MATERIAL FOR THIS TASK ->

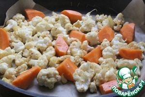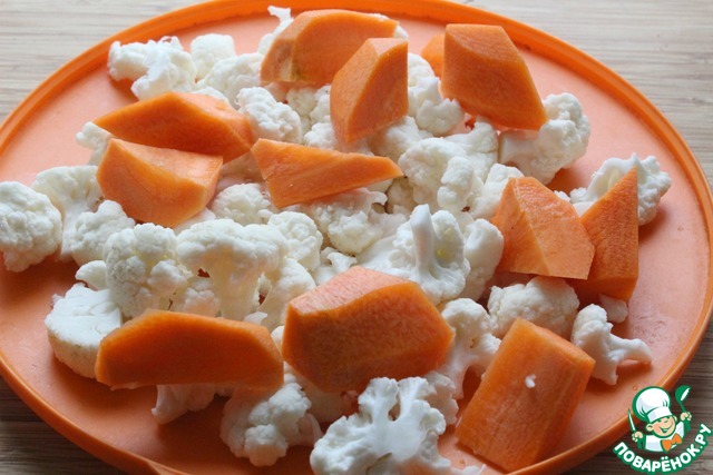 Морковь очистить и порезать на кусочки чуть больше среднего. -
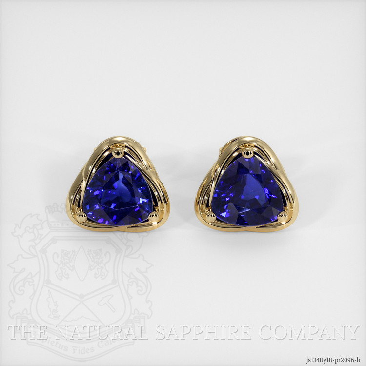 The earrings feature a beautiful, transparent pair of sapphires that are 2.63 total carat weight. They are trillion shape blue sapphires, with the dimensions of 6.80 x 6.80 x 3.69 mm and are trillion cut, have a clarity grade of very slightly included (evaluated at eye level), vivid color saturation, and an excellent polish. The origin of this pair of sapphires is Madagascar.
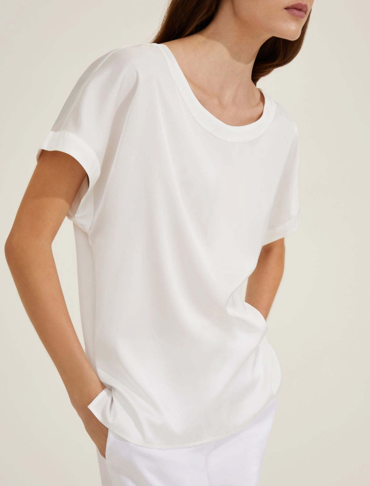 Vero essential del guardaroba, la blusa in raso leggero si presta a comporre infiniti look, dai più rilassati con maglie e joggers fino ai business con blazer e pants sartoriali.
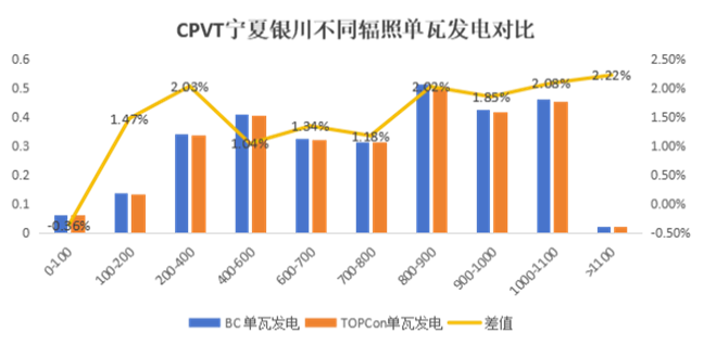宁夏银川是典型的太阳能资源一类地区,年均辐照度超500W/㎡,辐照时长超2000小时,是光伏组件性能测试的绝佳之处。在这里,隆基绿能委托三方权威机构国家光伏质检中心(CPVT)对BC 2.0组件与常规TOPCon组件进行了为期7个月的户外发电实证。该项目系统评估了两类技术路线产品在无遮挡单瓦发电能力、不同辐照度下的发电表现、各时段的发电稳定性,以及遮挡条件下的发电情况,旨在真实反应其在现实环境下的综合性能差异。
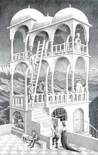 Paradosso a parte, Escher vide qui una metafora dell'assurdità della vita, non solo del '.Come è duro calle lo scendere e 'l salir per l'altrui scale.' (Paradiso, XVII, 59-60), ma anche di quanto tale affanno sia inutile, e non porti in realtà da alcuna parte
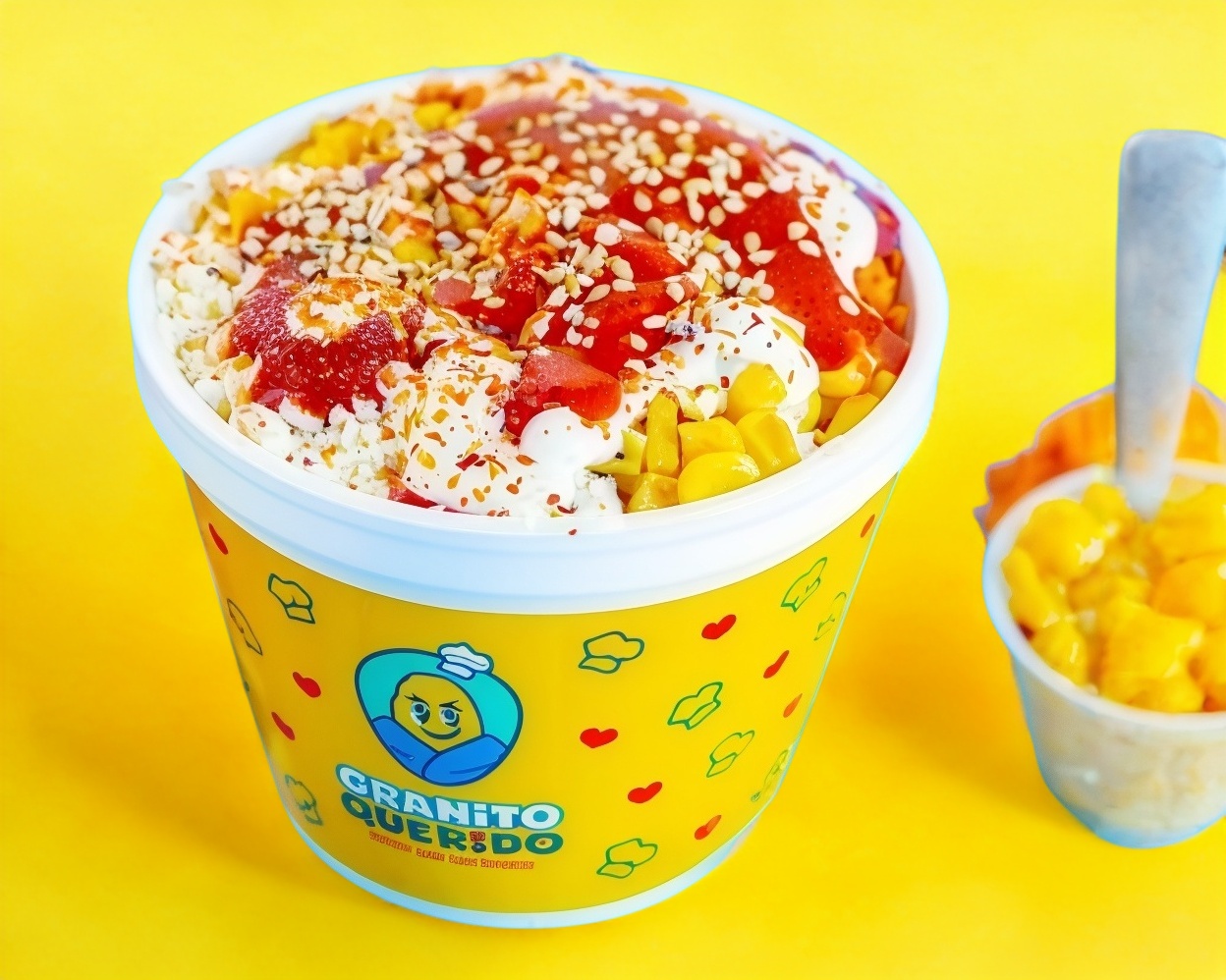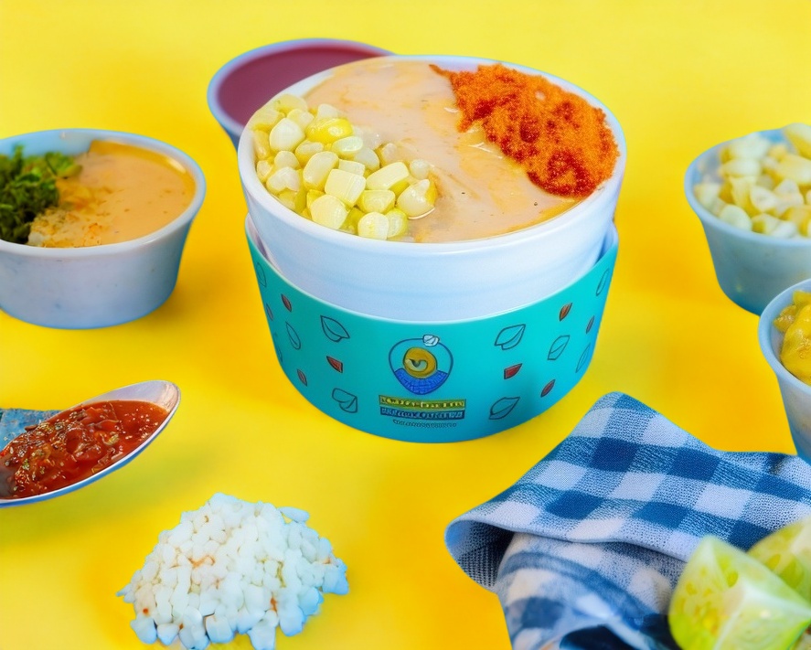 Tazón de 08 oz elote blanco o amarillo preparado con 3 aderezos. Además póngale sabor con nuestros complementos.
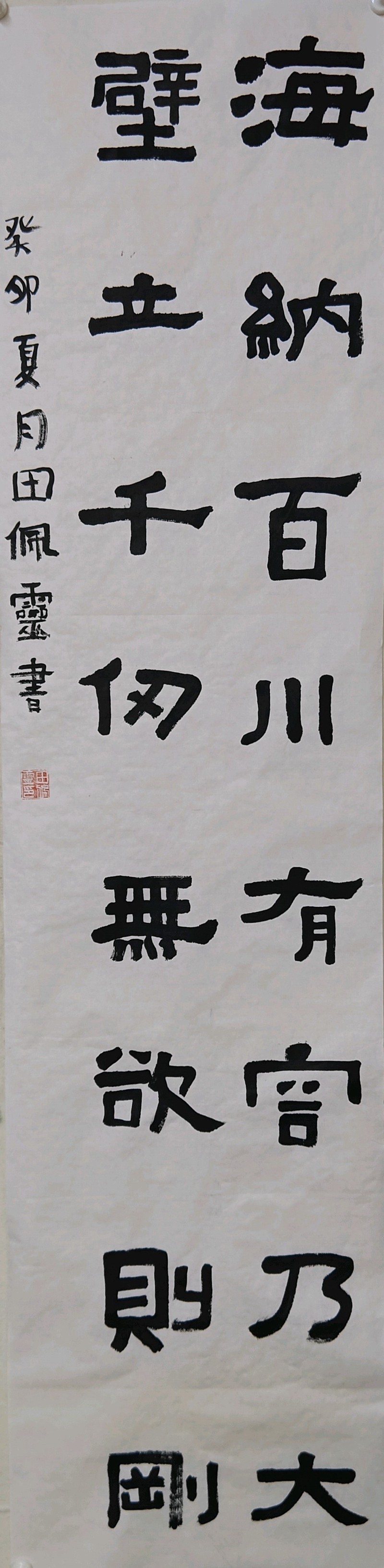 《海納壁立聯(lián)》 (書法兒童組二等獎(jiǎng)) 田佩靈 作
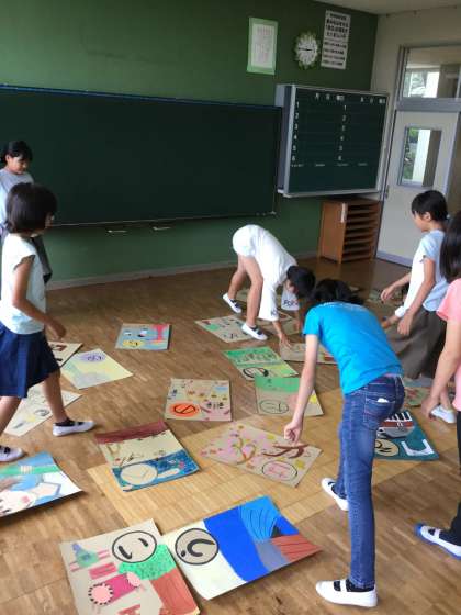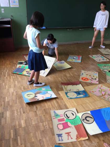 大きいサイズなので教室いっぱいに広げて行いました。
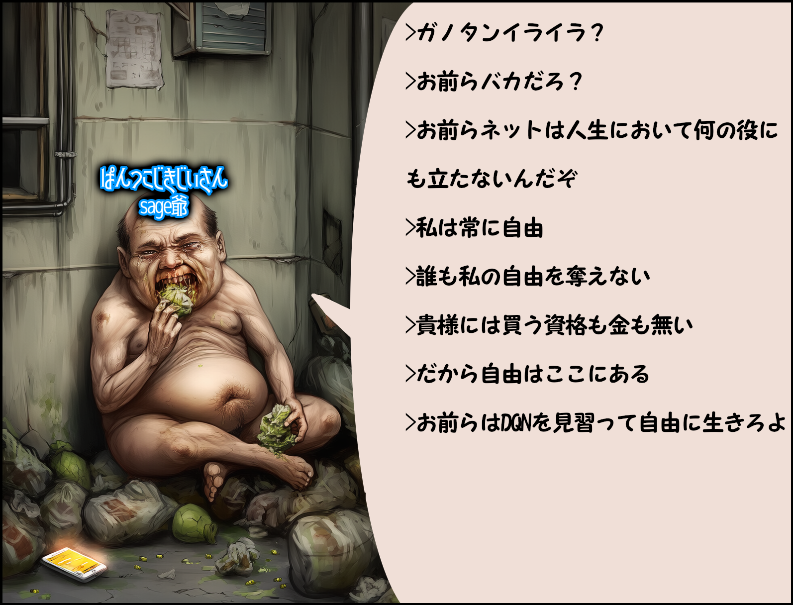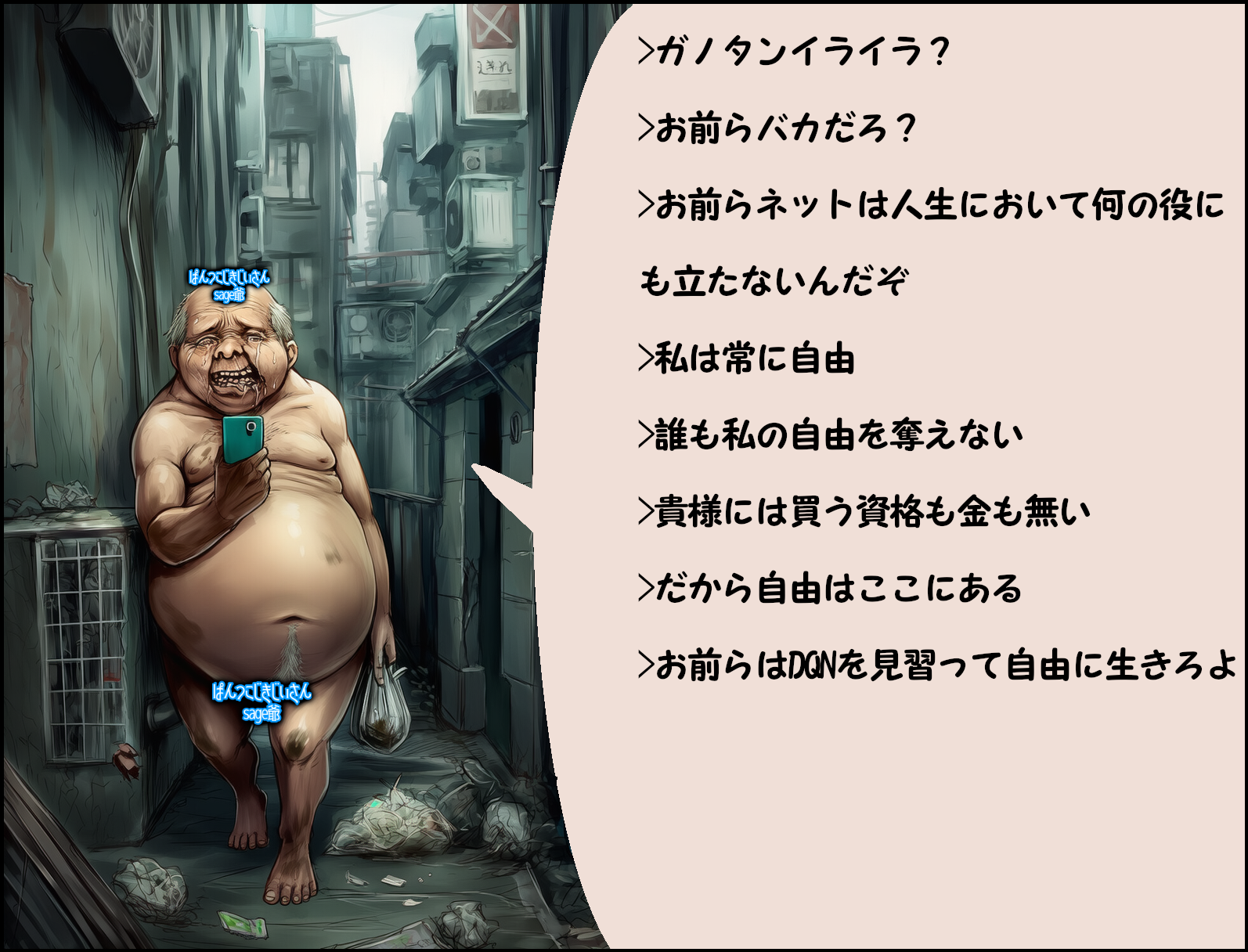 | … | 58無念Nameとしあき26/03/26(木)12:26:01No.1396437223そうだねx6障害差別はよくないけどsage爺の場合は荒らし活動を行うにあたっての精神回復行動っぽいからなぁ… |
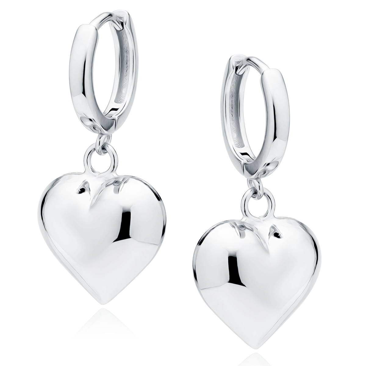 Srebrne kolczyki próby 925 o nowoczesnym, wiszącym fasonie. Przy uchu znajduje się delikatne kółko zapinane na zatrzask, z którego zwisa wypukłe serce puste w środku. Pokrycie rodem nadaje kolczykom piękny połysk i chroni je przed matowieniem, a jednocześnie podkreśla ich lekkość i elegancję. To subtelny i stylowy dodatek, idealny zarówno na co dzień, jak i na wyjątkowe okazje.
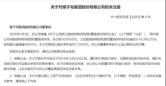 对于獐子岛要转让部分海域和海底资产,深交所也紧急发来关注函,要求獐子岛说明交易对方履约能力、评估价、是否存在障碍,并就董事反对提出的对经营影响和必要性和净利润计算等作出说明。

TASK DETAILS -> Print the records again exactly, pictures excluded.

PROBLEM SOLUTION ->
 Морковь очистить и порезать на кусочки чуть больше среднего. -
 The earrings feature a beautiful, transparent pair of sapphires that are 2.63 total carat weight. They are trillion shape blue sapphires, with the dimensions of 6.80 x 6.80 x 3.69 mm and are trillion cut, have a clarity grade of very slightly included (evaluated at eye level), vivid color saturation, and an excellent polish. The origin of this pair of sapphires is Madagascar.
 Vero essential del guardaroba, la blusa in raso leggero si presta a comporre infiniti look, dai più rilassati con maglie e joggers fino ai business con blazer e pants sartoriali.
宁夏银川是典型的太阳能资源一类地区,年均辐照度超500W/㎡,辐照时长超2000小时,是光伏组件性能测试的绝佳之处。在这里,隆基绿能委托三方权威机构国家光伏质检中心(CPVT)对BC 2.0组件与常规TOPCon组件进行了为期7个月的户外发电实证。该项目系统评估了两类技术路线产品在无遮挡单瓦发电能力、不同辐照度下的发电表现、各时段的发电稳定性,以及遮挡条件下的发电情况,旨在真实反应其在现实环境下的综合性能差异。
 Paradosso a parte, Escher vide qui una metafora dell'assurdità della vita, non solo del '.Come è duro calle lo scendere e 'l salir per l'altrui scale.' (Paradiso, XVII, 59-60), ma anche di quanto tale affanno sia inutile, e non porti in realtà da alcuna parte
 Tazón de 08 oz elote blanco o amarillo preparado con 3 aderezos. Además póngale sabor con nuestros complementos.
 《海納壁立聯(lián)》 (書法兒童組二等獎(jiǎng)) 田佩靈 作
 大きいサイズなので教室いっぱいに広げて行いました。
 | … | 58無念Nameとしあき26/03/26(木)12:26:01No.1396437223そうだねx6障害差別はよくないけどsage爺の場合は荒らし活動を行うにあたっての精神回復行動っぽいからなぁ… |
 Srebrne kolczyki próby 925 o nowoczesnym, wiszącym fasonie. Przy uchu znajduje się delikatne kółko zapinane na zatrzask, z którego zwisa wypukłe serce puste w środku. Pokrycie rodem nadaje kolczykom piękny połysk i chroni je przed matowieniem, a jednocześnie podkreśla ich lekkość i elegancję. To subtelny i stylowy dodatek, idealny zarówno na co dzień, jak i na wyjątkowe okazje.
 对于獐子岛要转让部分海域和海底资产,深交所也紧急发来关注函,要求獐子岛说明交易对方履约能力、评估价、是否存在障碍,并就董事反对提出的对经营影响和必要性和净利润计算等作出说明。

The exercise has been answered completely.